The budget would also cut U.S. contributions to UN peacekeeping from $1.5 billion in 2019 to $1.1 billion in 2020. It would cut in half the $39 million budget for the tiny U.S. Institute for Peace, a federally funded nonprofit that works internationally to prevent violent conflict, sending the organization begging to other government departments, including the Department of Defense, to fund its work. With a foreign policy framework and Pentagon budget that already make militarization the first response to crises worldwide, forcing a peace agency to apply to the Pentagon for funds invites further militarization of our foreign policy.
Meanwhile, the budget gives the Pentagon a 5 percent raise worth $33 billion — nearly as much as the entire proposed budget for the State Department and international aid.
Energy and Climate
The budget saves some of its worst cuts for energy and science programs. The budget eliminates or cuts the Department of Energy’s Advanced Research Projects program, Applied Energy Program, and energy technology loans, all of which help bring new energy technologies to market, on the justification that private companies are best positioned to decide what to sell. The problem with such thinking is that it ignores non-profit-based rationales for investing in new energy technologies – rationales such as climate change. The administration would also defund renewable energy and energy efficiency programs like tribal loans for the development of renewable energy and energy efficiency measures, and the Energy Start program, among others.
The budget also proposes to privatize energy grid infrastructure now owned by the federal government, and would allow private grid owners to charge higher energy rates. Federally owned power utilities are currently limited to charging customers for the cost of the electricity. Part of a disturbing move toward privatizing pubic infrastructure, the proposal would also privatize Washington, D.C.’s publicly owned water supply.

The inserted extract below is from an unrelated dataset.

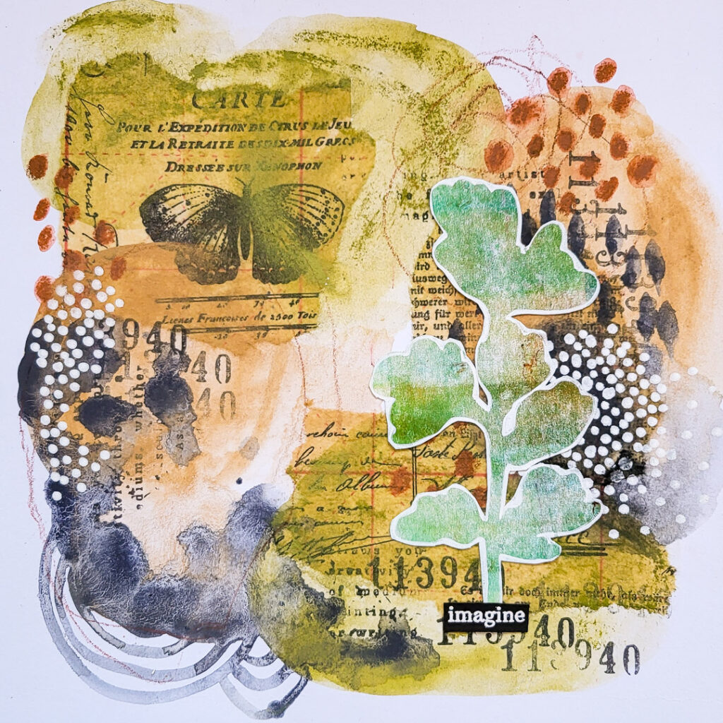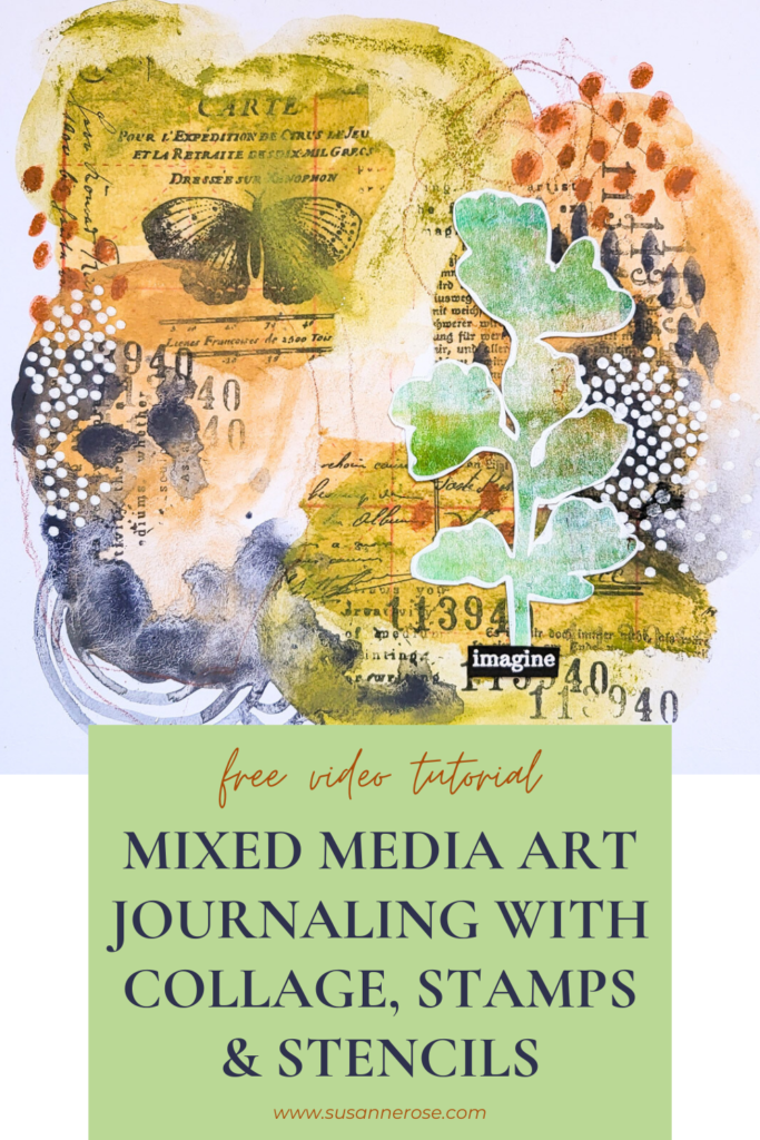 Hi there, Susanne here sharing a mixed media art journal page with a variety of different mediums, mark makings and a focal image made with our Sketchy Leaves 5 stencil. Scroll down for a full process video.

Profound Damage to Our Way of Life
From our health care to education to the very water we drink, the Trump budget proposes to shut down programs meant to assist those without the means to do so meet their basic needs in favor of more military spending and power company fortunes.
The good news is that a president’s budget does not have the force of law. Many of its measures stand no chance under Democratic control of the House of Representatives, and many of the proposed cuts are unpopular even among Republican legislators. Yet each time cuts come up for consideration, programs are at risk, even if the eventual cuts are less than what the administration has proposed. Each of these proposals must get through Congress before it becomes a reality, and now is the time for Americans to let their representatives know what kind of budget they want to see.